Subject: The distinction is...
Author:
Posted on: 2013-05-22 21:52:00 UTC

That the Star Wars Expanded Universe and the video game novels are meant to be canon or sub-canon since the very beginning. Their authors are choosen or at least accepted by the owners of the rights.

(Some of those works, though, are apparently in dire need of a sporking - I heard that the Mass Effect novelization was a disaster. But for those there are other sporking means, such as MSTs.)

The "problem" with Kindle Worlds is in their status: "published fanfiction"

They are sold, but they're fanfiction. The work of a single fan, that goes unchecked until it is sent to Amazon for publishing.

Tell me, what would be the difference between this and FF.net if they actually enforced the latter's rules about quality?

That we pay for one, and not for the other.

Now, if Fanfiction.net started making the users pay to read the fanfics on it, would that mean that all of those instantly become "published canons"?

No. Because they're still fanfiction.

If an author decided to collect the best fanfictions about his work(obviously with their authors' consent) and publish an anthology, would it be a "published canon"?

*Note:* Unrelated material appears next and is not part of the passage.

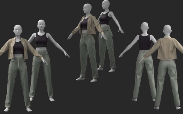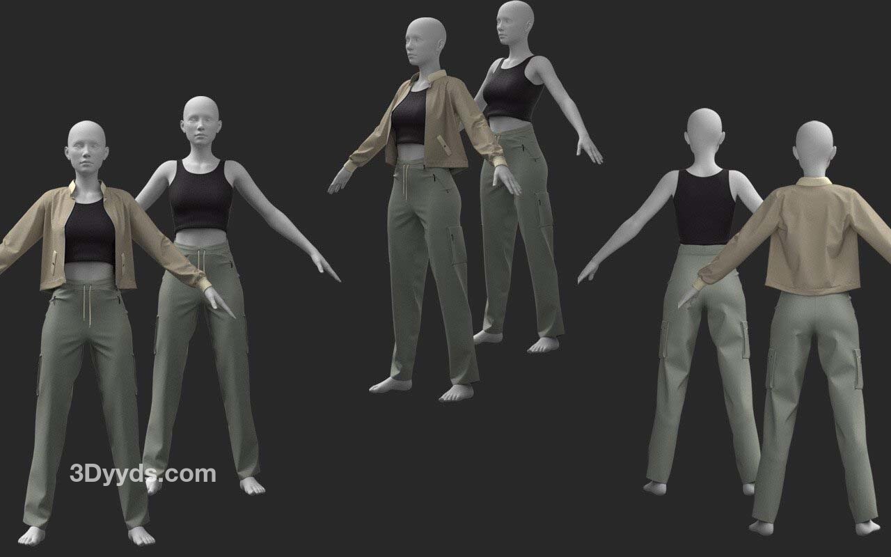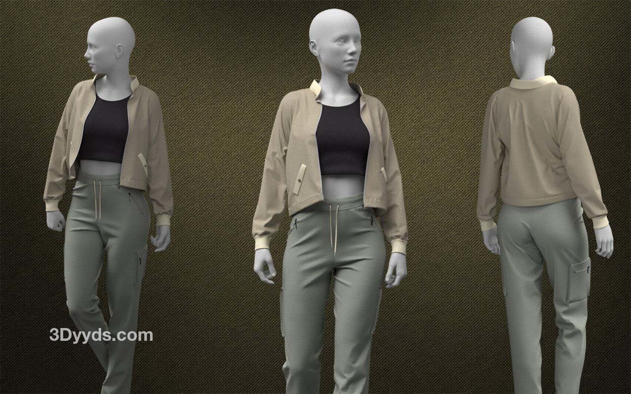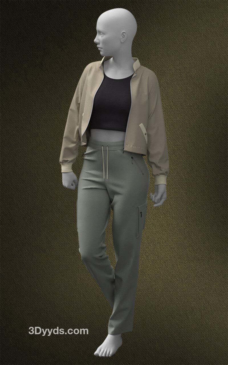 MD373-CLO3D女士休闲夹克裤子OBJ服装模型zprj

No, because it would be a published anthology of fanfiction.
That is, unless the original work's author specifies that he considers the plot of those canon or an existing alternate universe (sub-canon). Only then it would be out of PPC jurisdiction, IMHO.

The point I want to bring home is: publishing alone doesn't make a fanfiction into canon or a subcanon.


I can be missing some distinction somewhere, though, so feel free to point out any flaws in my reasoning.